Transcatheter Aortic Valve Implantation versus Surgical Aortic Valve Replacement: Systematic Review and Meta-Analysis

Sunday, 22 July 2018

Chia-Feng Hung, MSN
Department of Emergency Medicine, Chi-Mei Medical Center, Tainan, Taiwan
Yong-Yuan Chang, MPH, ScD
Department of Healthcare Administration and Medical Informatics, Kaohsiung Medical University, Kaohsiung, Taiwan

Objective

Aortic stenosis (AS) is a common valvular heart disease in elderly people. The causes of AS can be degenerative calcification secondary to atherosclerosis, rheumatic heart disease, congenital bicuspid aortic valve and etc. Severe AS can lead to congestive heart failure and 2-year mortality rate of 50% (Carabello & Paulus, 2009). Patients with AS can be treated with Transcatheter Aortic Valve Implantation (TAVI) and Surgical Aortic Valve Replacement (SAVR). However, there is no consistent conclusion regarding which one is a better option. Therefore, this study is to compare the differences in cost, effectiveness and cost-effectiveness between TAVI and SAVR using meta-analysis.

Material and methods

This study was conducted using systemic review and meta-analysis. Different combinations of key words were used in searching five databases, including ProQuest Health Research premium Collection, PubMed, OVID LWW online journal, Cochrane Library evidence-based medicine and Elsevier, and Elsevier.
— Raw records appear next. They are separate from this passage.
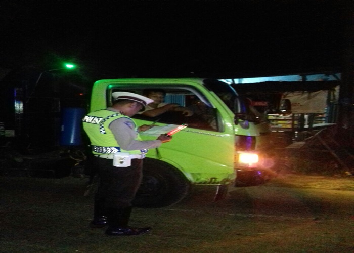 IBC, Lebak-Sebanyak 20 truk pengangkut pasir basah yang kedapatan lalu lalang di Jalan Maulana Yusuf Desa Aweh, Kecamatan Kalanganyar, Kabupaten Lebak berhasil ditilang jajaran kepolisian Satlantas Polres Lebak, Selasa malam 12-September-2017.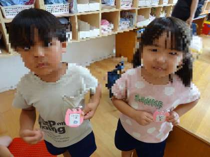 見事!名人になった子には、名札の横にキラキラのお星さまのシールが。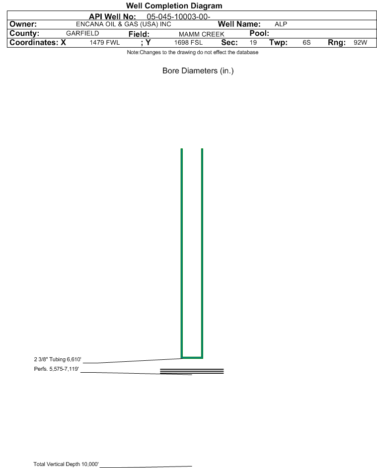 Wellbore #00 Wellbore Classification: GW Status: PR - 1/7/2008 Measured TD: | Wellbore Data for Original Wellbore | Wellbore Classification: GW PR - 1/7/2008 | | Wellbore Permit | DIRECTIONAL | | Permit #: | 20040739 | Expiration Date: | 4/22/2005 | | Proposed Top PZ Location: | Sec: Twp: | Footage: 660 FSL 1980 FEL | | Bottom Hole Location: | Sec:19 Twp: | Footage: 660 FSL 1980 FEL | | Proposed Depth/Form: | 7900 ft. | | Surface Mineral Owner Same: | No | | Mineral Owner: | FEE | Surface Owner: | FEE | | Unit: | | Unit Number: | | | Formation And Spacing: | Code: CZ-CR , Formation: COZZETTE-CORCORAN , Order: 318 , Unit Acreage: , Drill Unit: | | Formation And Spacing: | Code: RLNS , Formation: ROLLINS , Order: 318 , Unit Acreage: , Drill Unit: | | Formation And Spacing: | Code: WMFK , Formation: WILLIAMS FORK , Order: 318 , Unit Acreage: , Drill Unit: | | Casing: | String Type: SURF, Hole Size: 12.25 in., Size: 8.625 in., Top: , Depth: 790 ft., Weight: 24 , Citings Type: PLANNED | | Cement: | Sacks: 543, Top: 0 ft., Bottom: 790 ft. | | Casing: | String Type: 1ST, Hole Size: 7.875 in., Size: 4.5 in., Top: , Depth: 7900 ft., Weight: 11.6 , Citings Type: PLANNED | | Cement: | Sacks: 610, Top: 200 ft., Bottom: 7900 ft. |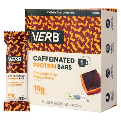 VERB Caffeinated Gluten Free Chocolate Chip Peanut Butter Protein Bar, 1.8 oz., 12/Pack (220-02522)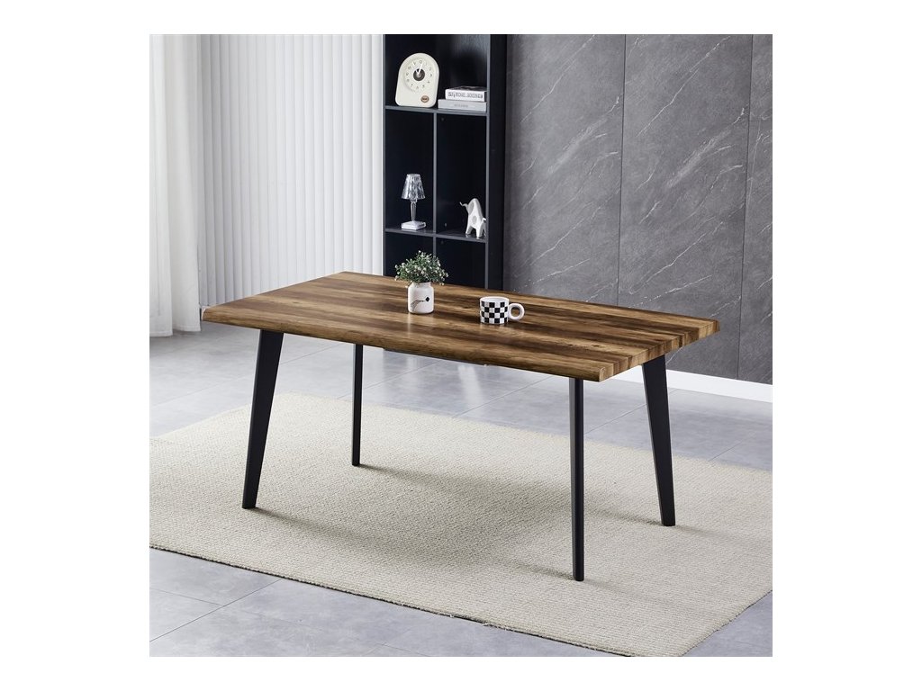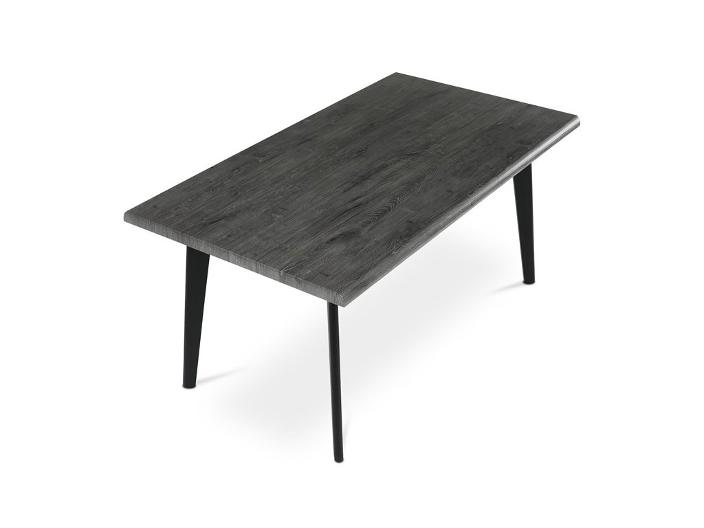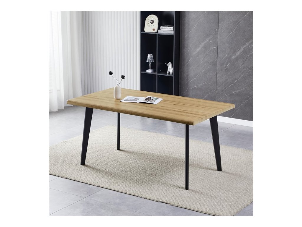 Jedálenský stôl v dekore sivého duba vnáša do interiéru rustikálne kúzlo s moderným nádychom. Obdĺžniková doska z kvalitného MDF materiálu imituje vzhľad opracovaného dreva a pridáva priestoru na autentickosti a teple. Čierne kovové nohy pridávajú industriálny kontrast a zaisťujú pevnosť a stabilitu. Svojím nadčasovým dizajnom a praktickými rozmermi 160x90x75 cm sa tento stôl hodí do rôznych štýlov jedální a kuchýň. Vyberte si tento elegantný a odolný stôl a doprajte si pohodlné rodinné stolovanie.Dodatočné parametre

After being through PRISMA four stages and flow diagram, 11 articles were selected and further analyzed using CMA III meta-analysis software. Meta-analysis tools used included I2, Q-value, p value, funnel plot, fail-safe number, summary effect size and forest plot.

Results

The differences of cost and effectiveness between TAVI and SAVR were analyzed using meta-analysis whereas incremental cost-effectiveness ratio (ICER) was presented using descriptive statistics. The result showed that the cost of TAVI is higher than that of SAVR. In terms of effectiveness, more patients in TAVI group needed pacemaker implantation and had vascular damage in comparison to SAVR group. There was no difference in other complications, including myocardial infarction, stroke and 30-day mortality. Additionally, patients in TAVI group had a shorter stay in intensive care unit. Furthermore, ICER of TAVI compared with SAVR was considered cost-effective or very cost-effective.

Conclusions

Both TAVI and SAVR were deemed cost-effective. TAVI was more expensive than SAVR; however, the hospital stay after TAVI was shorter than that of SAVR. Nevertheless, none of those studies were carried out in Taiwan hence equivalent studies on Taiwanese population is expected in order to provide our people better options.